Alejandro acabó roncando. Siempre se quedaba dormido después de hacer el amor. Realmente, no parecía que aquel hombre que descansaba relajado en el sillón de su despacho fuese uno de los individuos más investigados del país. Claudia besó con delicadeza la frente de su jefe y amante, y abandonó el despacho envuelta en su albornoz. Su semblante era serio y pensativo. Subió a su habitación, pues los dormitorios de las chicas estaban en el piso superior, y se duchó. Luego se puso un minúsculo biquini y se preparó para regresar al jardín con sus compañeras. Cuando apareció en la puerta de la casa, protegida del sol bajo el porche, sonreía de nuevo.
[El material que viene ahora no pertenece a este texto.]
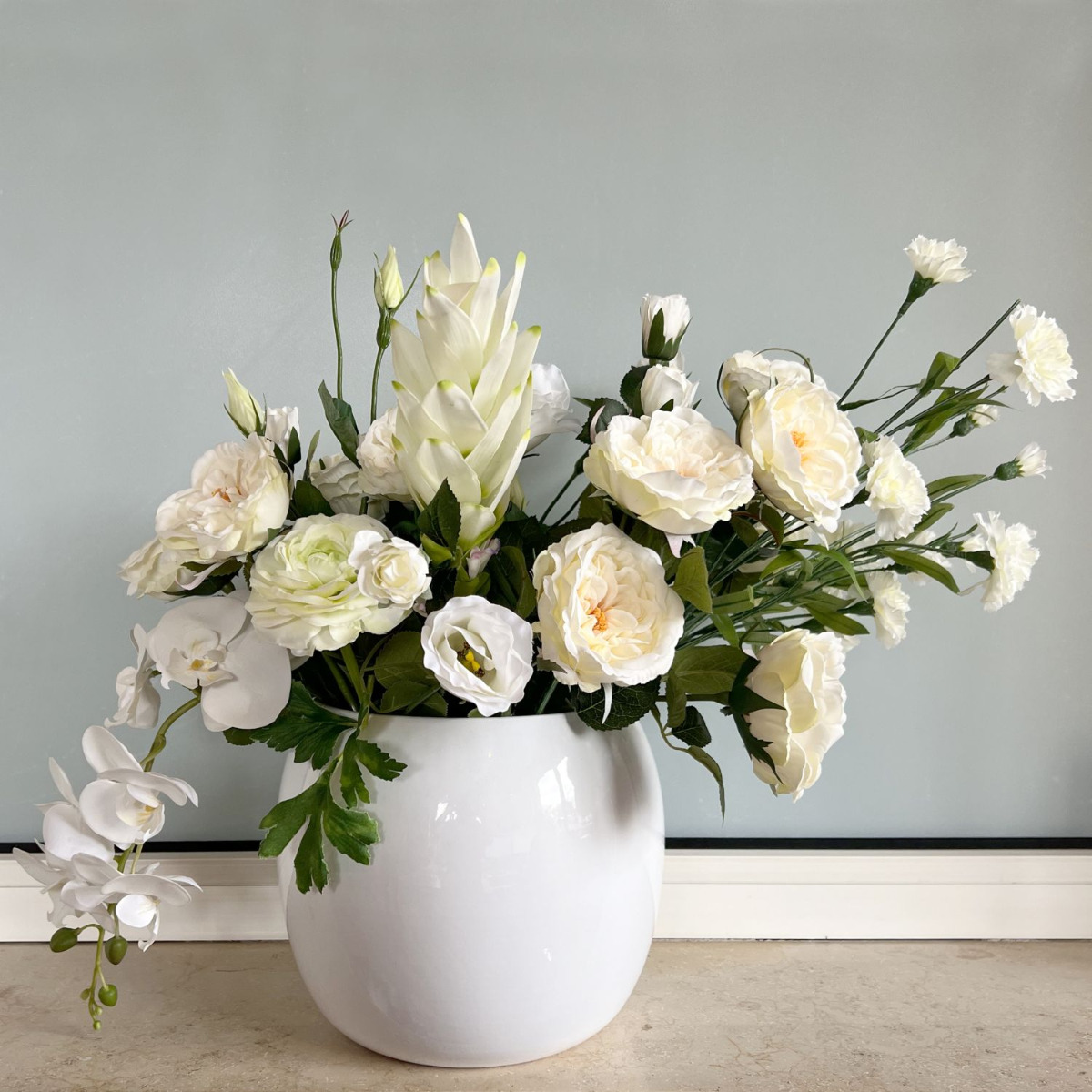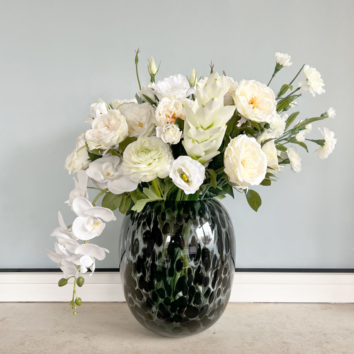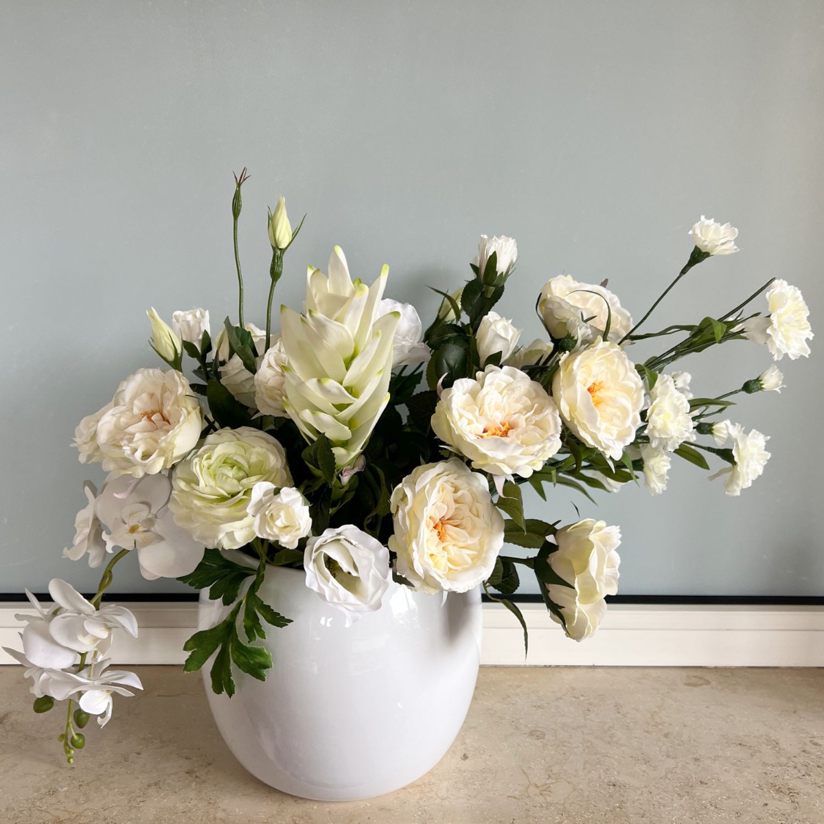 ¡Tentación floral! Ceren tenía una idea muy clara de cómo quería su ramo, pero no estaba segura de qué flores elegir ni de cómo darle forma, así que nos encargó el trabajo. La imagen que adjuntó a su mensaje nos ayudó a crear el ramo. Así fue como las rosas, los lisianthus y los ranúnculos acabaron formando parte del ramo. Para adornar los laterales del ramo, añadimos una rama de orquídeas colgante y claveles que sobresalían alegremente del ramo. El resultado fue un ramo lleno de flores blancas que la clienta encargó inmediatamente. ¿También quieres un ramo tan bonito? ¡Compra el look!

Claudia saludó a sus amigas agitando los brazos y, echando una carrera, cruzó sobre el césped y se zambulló de cabeza en las frías aguas de la piscina.

1 comentario:

Lai dijo...

14. Muy de la época, cuando llegabas a un sitio por muy legal que fuese, siempre salía a tu encuentro un tipo cachas y tal parándote los pies…
Lo siguiente lo hemos podido leer ciento de veces en tiras de comic americano.
¿Qué me dices de?:
- De no ser por ti ahora tendrías el cuerpo lleno de plomo (NP : americanada)
- se movía como pez en el agua en el mundo del contrabando, el blanqueo de dinero y la prostitución. Dotado de inteligencia y discreción, poseía empresas de todo tipo, desde una cadena de supermercados hasta una franquicia de cosméticos. El hijo del empleado en la Renfe tenía ahora dinero y poder. (NP : americanada)
- Entonces, Claudia cerró la puerta del despacho y corrió el pestillo. La joven iba enfundada en un albornoz de raso que rápidamente desabrochó y dejó caer a sus pies.( NP :VENGA HOMBRE! No cuela)
- Entonces, Claudia cerró la puerta del despacho y corrió el pestillo. La joven iba enfundada en un albornoz de raso que rápidamente desabrochó y dejó caer a sus pies.( NP :¡Anda ya!)
- La joven se le acercó despacio, silenciosa y felina, y se sentó en la mesa del escritorio, frente a Alejandro, con las piernas separadas y apoyando los pies en los reposabrazos del sillón giratorio. Él se inclinó hacia delante y apretó su boca contra el sexo aterciopelado de Claudia. (NP :Mire Vd. Esto me ha …)
- jóvenes mujeres semidesnudas dotadas de cuerpos esculturales. Éstas disfrutaban excitando la líbido de los sufridos guardaespaldas y vigilantes que se hallaban apostados por todo el perímetro de la mansión. De tanto en tanto desaparecía alguno entre los árboles para masturbarse rápidamente y regresar a su puesto antes de que el jefe pudiese notar su ausencia. (NP :¡la virgen que lugar mas molón de curre!¡Anda ya! ¡ni los malos son asin!)
Si tronquete, ahí le has dado, los tíos después de “eso” dormimos y las tías se lavan.